Ate you using button mapper? All I can think of offhand. 

Sent from my SM-N975U1 using Tapatalk


----------



## j0ester (Sep 1, 2020)

I am not. Never downloaded any 3rd party Apps for this device.


----------



## jb brown (Aug 28, 2020)

what button are you saying is the "menu" button just so I understand


----------



## dbpaddler (Sep 25, 2004)

jb brown said:


> what button are you saying is the "menu" button just so I understand


Funny. I just got home and looked at the remote and was about to ask the same question. Felt like I was missing something.

Sent from my SM-N975U1 using Tapatalk


----------



## j0ester (Sep 1, 2020)

dbpaddler said:


> Funny. I just got home and looked at the remote and was about to ask the same question. Felt like I was missing something.
> 
> Sent from my SM-N975U1 using Tapatalk


The Menu button is on the Left-side of the Remote; under the Back button. If you press it.. it goes back to the Main Screen.


----------



## dbpaddler (Sep 25, 2004)

That's a home button, not menu button. It should take you to the main android tv screen.

Did you try resetting your TS4k or at least the remote Pairing? 

Sent from my SM-N975U1 using Tapatalk


----------



## Noelmel (Nov 6, 2014)

Many people reported this black screen error early on. The most recent update fixed it along with other issues but it was pulled for other issues. Maybe you didn’t get the update. I believe it’s back in testing so should be re released soon hopefully. When it happened to me early on the voice would still work so you could “say” commands to go to apps or settings and restart 


Sent from my iPhone using Tapatalk


----------



## j0ester (Sep 1, 2020)

WHOOPS! I keep meaning to say HOME than Menu. :derp:



Noelmel said:


> Many people reported this black screen error early on. The most recent update fixed it along with other issues but it was pulled for other issues. Maybe you didn't get the update. I believe it's back in testing so should be re released soon hopefully. When it happened to me early on the voice would still work so you could "say" commands to go to apps or settings and restart


Thanks for this.


----------



## rczrider (May 16, 2020)

Noelmel said:


> Many people reported this black screen error early on. The most recent update fixed it along with other issues but it was pulled for other issues. Maybe you didn't get the update. I believe it's back in testing so should be re released soon hopefully.
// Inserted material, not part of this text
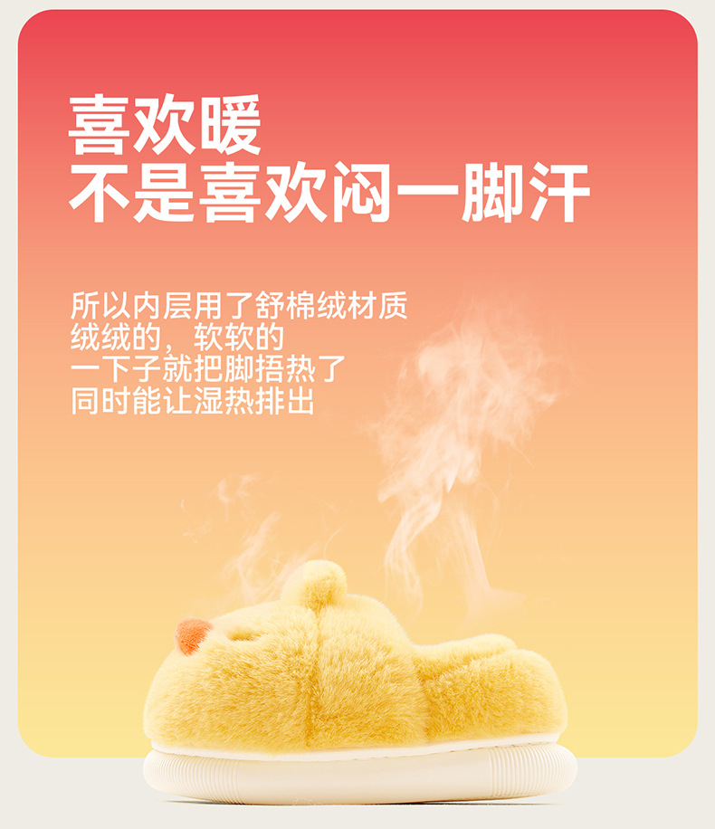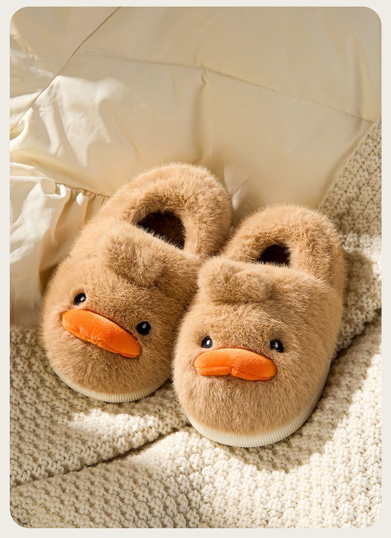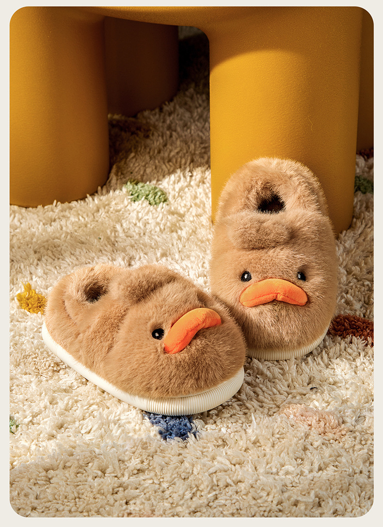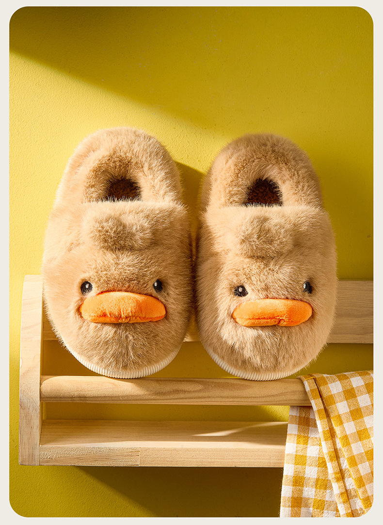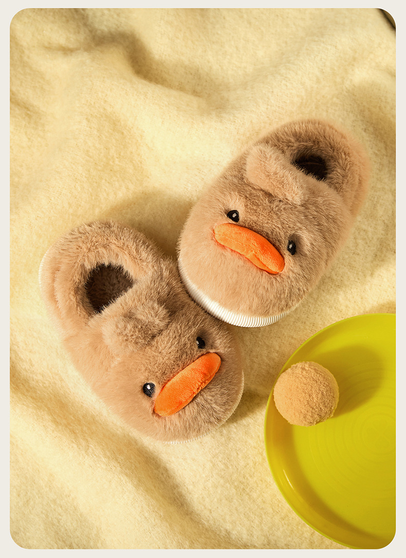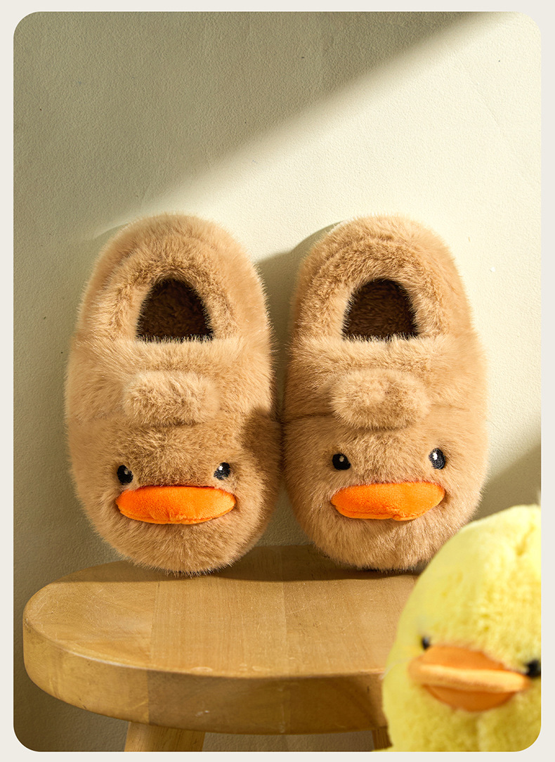 Zapatos de algodón para niños de otoño y invierno para niños en el hogar antideslizante de dibujos animados patito amarillo calentamiento zapatillas de algodón de lana para bebés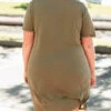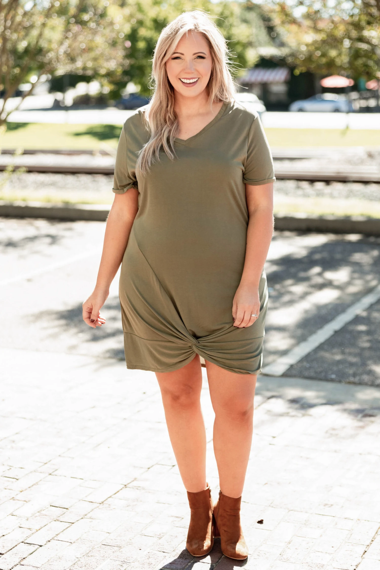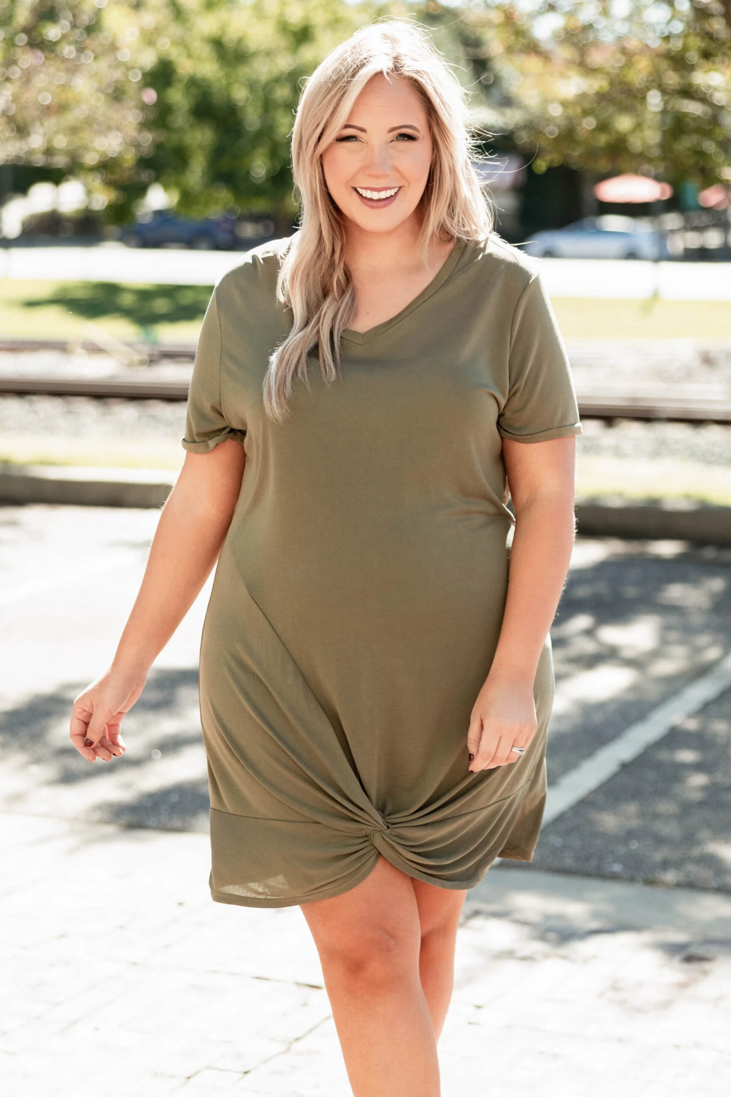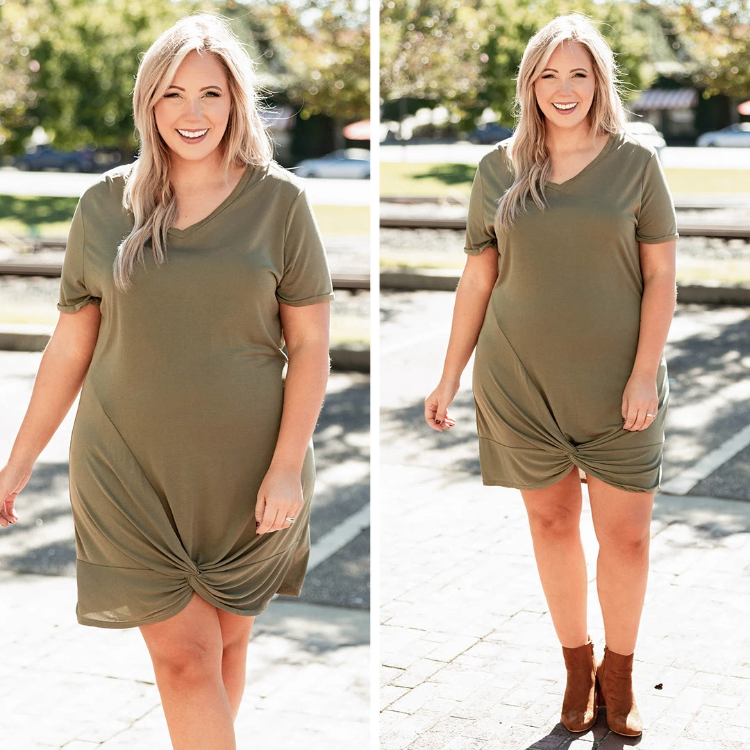 No matter the way you wear it, this dress is perfect for every occasion! This dress has a solid neutral color you can dress up or down with ease! It’s comfortable for all day wear, has a flowy fit, and features the cutest twisted hemline! Style this dress with booties and your favorite outerwear for an easy everyday look!

Yep. By all accounts, TiVo halted the push of updates for the time being, including those that were previously released publicly (ie. not limited to beta testers). Not sure what the reason is behind the full stop.


----------



## chilinux (Sep 3, 2020)

I am seeing the same problem with Tivo Stream 4k SW Version v9.0-3.4.2. Check for update returns "your system is up to date."

After left on for a while, when using the Android TV Home button (the O button under the skip back and to the left of Google Assistant button), the screen will just be black.

Here is my work-around:
(1) Go to Tivo Stream app
(2) Go Left to the menu
(3) Go Down and select Settings
(4) Go to My Streaming Services
(5) De-check *ALL* the streaming services as being viewable within the Tivo app

Note: this will only impact what appears inside the Tivo Stream app, it will not impact being able to continue to use those services external to the Stream app

Next:

(6) Go to the Android TV Home (press the O button)
(7) Go up to the top and then left to the gear / Settings icon and select it
(8) Go Down to Device Preferences and select it
(9) Go Down to Home screen and select it
(10) Go to Customize channels and select it
(11) Go to Play Next and select it
(12) Select to turn Off the Play Next
(13) Press the Skip Back button
(14) Turn off each of the Home screen channels from showing their recommendation bars

Note: you will still be able to add icons for each channel you want across the top bar of the launcher even with these recommendation bars turned off

Note 2: you will need be able to disable the Tivo Stream recommendation bar using Setting/Remote but the performance impact of this should be minimal if you followed steps 1-5

(15) Press the Skip Back button to return from Customize Channels to the Home Screen settings menu
(16) Go Down to Enable video previews and make sure it is turned off
(17) Go Down to Enable audio previews and make sure it is turned off

Doing each of these seems to reduce the memory overhead of the Android TV Home app on the Tivo Stream 4k and allow it to work more reliably without have to reboot on a regular basis to restore it's use.


----------